Seus olhos reviam nuvens de quase 30 anos atrás. Eram outras, como ela, outra também o era quando ali chegara. As olhava passeando,
 sobrepondo o azul celeste que nunca fora seu preferido. Gostava do hortência ou do anil, outras mesclas e nuances, vivenciadas não sei onde, valsando ao som de ecos infinitos, que em seus olhos e ouvidos, ganhavam amplidão e o coração em extensão.
        A natureza silenciava sutil, rememorando com ela trajetos, projetos, sonhos realizados...

        E a instigava as formas delineadas...Em flocos densos de brancura e cinzas, denunciando metamorfoses como se fossem eus feitos de urgências em transformação, ambulantes, anônimos, à procura de si mesmos, para além de egos vaidosos, orgulhosos, temerosos. Simples busca de  transcendência ante a complexidade de ser.
 E a natureza ensinava,  projetando em espelhos os que se buscam em sensível identidade.
 E o fim da tarde em crepúsculo cadente, descortinava doces pingos de amor experiente, não mais  vendavais em copos d’água carregados de indeciso, inseguro  perceber. Todo um  trato delicado fora dado à vida do ser e estar...
  Dores, amores, doces ternuras, encontro e presença, passado histórico e o agora,  querendo se eternizar....
   E  voltava meditativa, para o conteúdo emoldurado que via em cenário, agora verde azulado. Um primeiro plano, plenificava o olhar em escalas multidimensionais. E o verde mudava seus tons, com a variação da luz que o incidia.
  As árvores, Aroeiras do Sul, que vira nascer em sementes, ( uma história tão bonita!) se foram em perdas dolorosas ao seu ser.                                               
 Quanto as amara em boas conversas e abraços dialogados.(Quando partilhava com os seus alunos tal experiência, a olhava  suspeitando de alguma doidura da professora).  Emudeceram (as árvores), como muitos dos seus sonhos realizados na arte de viver, construídos na melhor forma de realização:um homem, uma mulher que um dia se encontraram e viveram “felizes para sempre”  ( não sem dores, claro!). (Houve quem dissesse ser pura sorte tal encontro, esquecendo a gama louca de tanto investimento-não coisa pouca).
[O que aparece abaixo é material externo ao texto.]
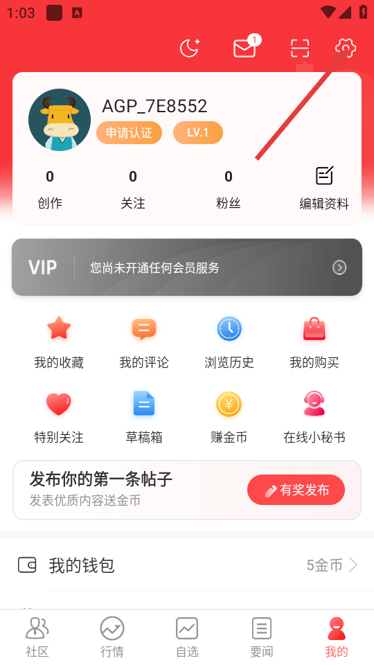 1、在个人页面点击右上角的设置图标,进入系统设置页面。

 Agora, aos 63, já achava que podia confirmar o “para sempre”.O Amor a  impregnara até a alma, como esta que estava ali, na varanda, ensimesmada de paciência e sintonia, (Tudo valera a pena) reciclando de cuidados, todos os dias.Como a matéria orgânica que agora via e  interagindo com o tempo à volta, a tudo assistia em presença e energia (muita trabalheira).
 Nova moldura, novo olhar, novo ver, novo verde em simetria desconstruída, renovava a construção de  sonhos por vir a realizar.
 E se preparava em despedidas, em mudanças. Agradecida, cada espaço nesta casa tinha seu laço, sua marca, sua arte, seu abraço.Recomeço em outra casa, agora, sem apegos.Não mais os queria.Sem projeções.A cada dia seu intenso, pleno.
Nova história, sempre juntos. Indo em frente, novas fases, nova vida em madurado amor de tranquilo carinho emoldurado  em nova descoberta. E teria tempo, queria crer.
E consumida da mais terna poesia imersa no verde- azul, da velha e mágica varanda se despediu, no reencontro de si mesma.

 Em novo espaço- tempo, sonho e realidade, fim de tarde, transportando asas-almas enquanto desse.